__Recorded information__
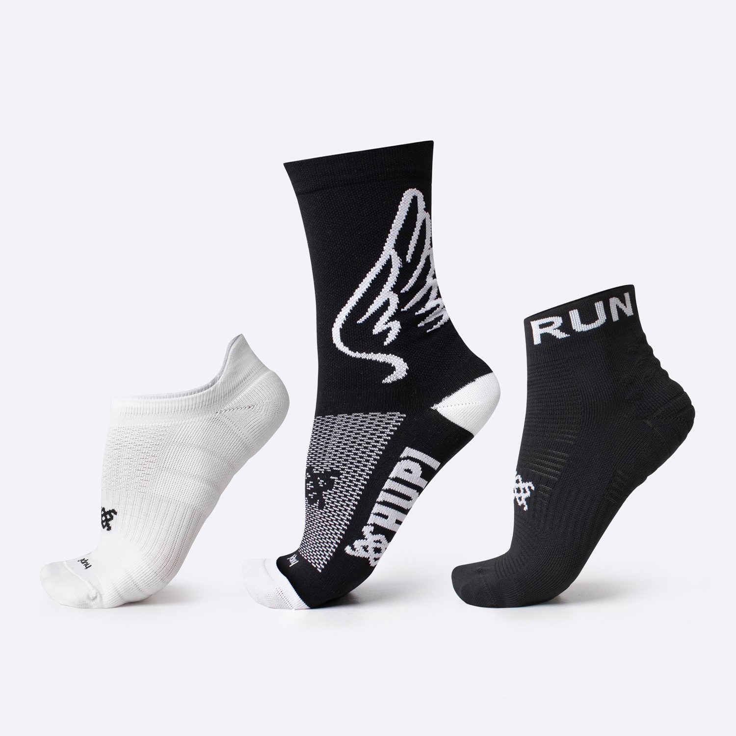 Com três modelos versáteis, Meia Running Pro Run Preta (cano curto), Meia HUPI Asas Preta (cano médio) e Meia Running Pro Invisível Branca, esse combo traz tudo que você precisa para treinar com estilo e performance do início ao fim.
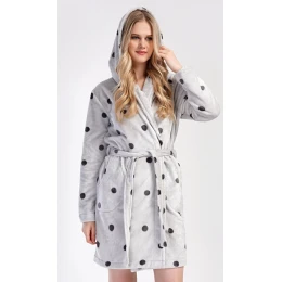 Dámský krátký softový župan s kapucí Puntík. Župan má kapuci, kapsy a pásek k převázání. Světle šedý podklad je zdobený tmavě šedými kuličkami. Použitý softový materiál je jemný a poddajný na dotek. Župan Vás zahřeje cestou z koupelny i při lenošení na gauči, bude to Váš milý společník v chladných dnech.
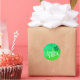 Good Luck Four Leaf Clover Shamrock sticker. Modern abstract green pattern with trendy white typography quote Good luck and hand-drawn clover with four leaves for luck.
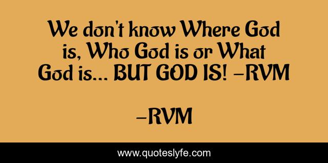 This page presents the quote "We don't know Where God is, Who God is or What God is… BUT GOD IS! -RVM". Author of this quote is RVM. This quote is about motivation, inspiration,.

__Task details__
What is needed here is an exact repetition of the listing above, pictures excluded.

__Answer to this problem__
 Com três modelos versáteis, Meia Running Pro Run Preta (cano curto), Meia HUPI Asas Preta (cano médio) e Meia Running Pro Invisível Branca, esse combo traz tudo que você precisa para treinar com estilo e performance do início ao fim.
 Dámský krátký softový župan s kapucí Puntík. Župan má kapuci, kapsy a pásek k převázání. Světle šedý podklad je zdobený tmavě šedými kuličkami. Použitý softový materiál je jemný a poddajný na dotek. Župan Vás zahřeje cestou z koupelny i při lenošení na gauči, bude to Váš milý společník v chladných dnech.
 Good Luck Four Leaf Clover Shamrock sticker. Modern abstract green pattern with trendy white typography quote Good luck and hand-drawn clover with four leaves for luck.
 This page presents the quote "We don't know Where God is, Who God is or What God is… BUT GOD IS! -RVM". Author of this quote is RVM. This quote is about motivation, inspiration,.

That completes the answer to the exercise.